Leemburg zag de thermometer op de dag van de tocht min achtien
graden aanwijzen. De prijs die hij voor zijn overwinning
betaalde, was een bevroren teen, die hij jarenlang op sterk water
bewaarde. De Elfstedentocht van 30 januari 1940 staat bekend als
een van de zwaarste uit de geschiedenis. Slechts veertig
wedstrijdrijders volbrachten de barre rit. Sjoerdtsje
Venema-Faber (1915-1998) was de enige vrouw die daarin slaagde.

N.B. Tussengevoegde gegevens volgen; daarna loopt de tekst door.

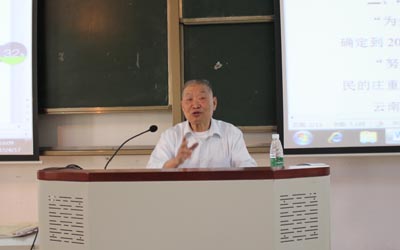 讲座中,年近8旬的黄仁跃老校长精神矍铄,他用自己从事农业工作50余年的经历,结合党中央的方针政策,多角度的介绍了我国目前的“三农”形势,解读了近几年中央1号文件精神;并以大量实例和数据,系统地分析了云南、昆明的“三农”发展现状和机遇挑战;同时就学习贯彻习近平总书记云南考察重要讲话精神,主动融入并服务国家战略,着力推动现代农业发展谈了思路和方法;对农学院师生提出“两点要求”和“一点希望”:要求同学们在学校要做到“学会做人、学会求知、学会健体”;要求同学们毕业以后要“学会做事、学会讲话、学会写文章”;希望师生要努力做到“为家庭谋幸福、为他人送温暖、为社会做贡献”。

Van haar is een wit onderhemd met diverse zakken te zien, waarin
ze proviand meenam. Uiteindelijk zou Venema vijf Elfstedentochten
uitrijden. En natuurlijk zijn er de schaatsen en wanten van de
verrassende winnaar van 1963: nieuwkomer Reinier Paping. De
Ommenaar stond zijn blauwe ondergoedpak af; in zijn onderbroek
naaide hij zeemleer, om bevriezingsverschijnselen te voorkomen.
In 1963 waren er nog geen schaatspakken. Jan Uitham, tweede
achter Paping, droeg een prachtige wollen Noorse trui met
bijpassende muts. Ook dat kledingstuk hangt in een vitrine. Menig
attribuut symboliseert de heroiek van de zware monstertochten:
zoals de met modder en bloed besmeurde stempelkaart (no. 261) van
Uitham uit 1956. Hij moest na een val op de Luts bij Balk de
strijd op doktersvoorschrift staken.
Elke vitrine is bewust anders van opzet, want Bootsma zegt de
bezoeker steeds te willen verrassen. "Variatie is
belangrijk. Tien bekers op een rij zijn niet spannend." In
de 'kast' van veehouder Evert van Benthem, tweevoudig winnaar in
1985 en 1986, prijkt naast zijn schaatspak een grote ronde
'Benthemer boerenkaas' van zijn eigen zuivelboerderij. Bootsma
krijgt nog regelmatig spullen, vaak in bruikleen. Onlangs ontving
hij de houten schaatsen waarop Sietze de Groot de tocht van 1942
op zijn naam zette. "De Groot was de laatste die een
Elfstedentocht op houtjes won. Ons bestuurslid Rein Jonker
(tweede in 1985, red.) kende De Groots vrouw en zij vond dat haar
mans schaatsen eigenlijk in het museum thuishoorden." Blij
was Bootsma ook met de stempelkaart van Piet Kleine, die de
oud-Olympisch kampioen recentelijk afstond. Kleine schaatste
tijdens de laatste Elfstedentocht van 1997 de controlepost van
Hindeloopen, verblind door lampen, pardoes voorbij. Hij werd niet
opgenomen in de einduitslag, maar kreeg wel een Elfstedenkruisje.
Bootsma: "In Hindeloopen hebben we nog een brug naar hem
vernoemd."
Expositie 'IJs en weder dienende, 90 jaar Elfstedentochten 1909-1999'. Het Eerste Friese Schaatsmuseum, Kleine Weide 1-3, Hindeloopen. Tel. 0514-521683. Dagelijks open van 10-18u. Zondag 13-17u. Groepen op afspraak, ook 's avonds.